## What the exercise asks
Return the complete listing exactly as it reads, with each picture removed.

## Given information
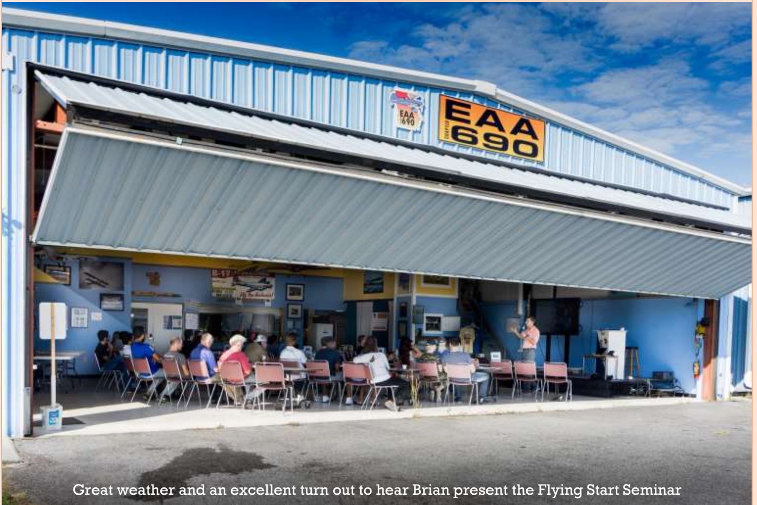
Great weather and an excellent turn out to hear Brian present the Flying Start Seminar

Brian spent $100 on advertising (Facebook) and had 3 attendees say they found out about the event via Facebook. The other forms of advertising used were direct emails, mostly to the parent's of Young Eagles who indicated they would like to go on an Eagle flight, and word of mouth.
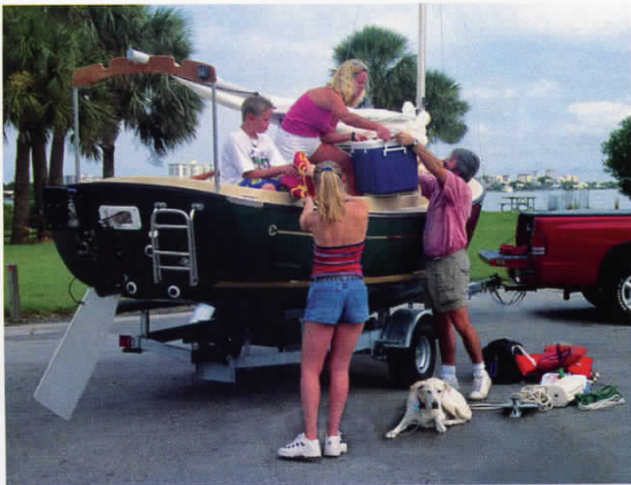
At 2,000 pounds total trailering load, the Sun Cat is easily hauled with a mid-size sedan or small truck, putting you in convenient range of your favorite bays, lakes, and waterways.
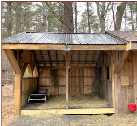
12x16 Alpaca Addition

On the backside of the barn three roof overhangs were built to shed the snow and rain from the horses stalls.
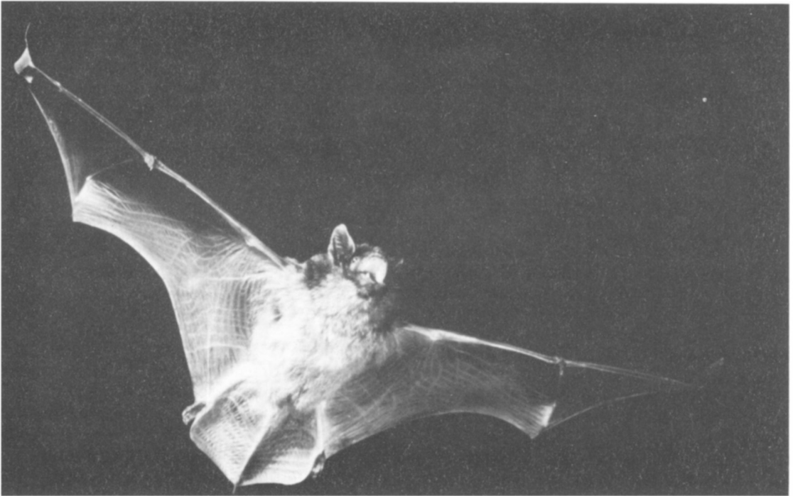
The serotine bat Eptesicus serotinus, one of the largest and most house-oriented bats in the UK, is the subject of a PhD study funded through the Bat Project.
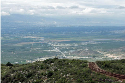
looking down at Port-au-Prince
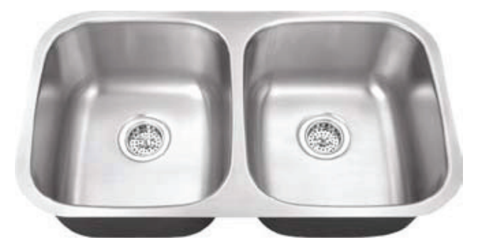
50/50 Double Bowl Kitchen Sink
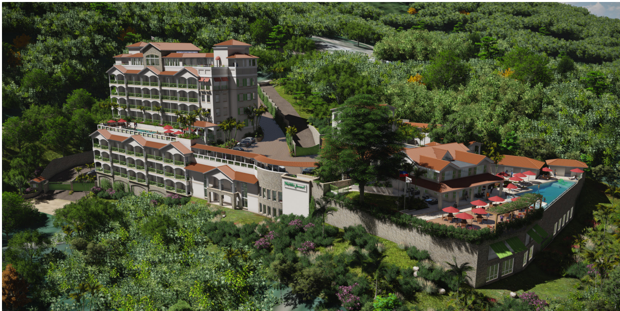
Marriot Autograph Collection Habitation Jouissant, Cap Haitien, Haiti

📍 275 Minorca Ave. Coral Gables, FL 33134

## Solution for this task
Great weather and an excellent turn out to hear Brian present the Flying Start Seminar

Brian spent $100 on advertising (Facebook) and had 3 attendees say they found out about the event via Facebook. The other forms of advertising used were direct emails, mostly to the parent's of Young Eagles who indicated they would like to go on an Eagle flight, and word of mouth.
At 2,000 pounds total trailering load, the Sun Cat is easily hauled with a mid-size sedan or small truck, putting you in convenient range of your favorite bays, lakes, and waterways.
12x16 Alpaca Addition

On the backside of the barn three roof overhangs were built to shed the snow and rain from the horses stalls.
The serotine bat Eptesicus serotinus, one of the largest and most house-oriented bats in the UK, is the subject of a PhD study funded through the Bat Project.
looking down at Port-au-Prince
50/50 Double Bowl Kitchen Sink
Marriot Autograph Collection Habitation Jouissant, Cap Haitien, Haiti

📍 275 Minorca Ave. Coral Gables, FL 33134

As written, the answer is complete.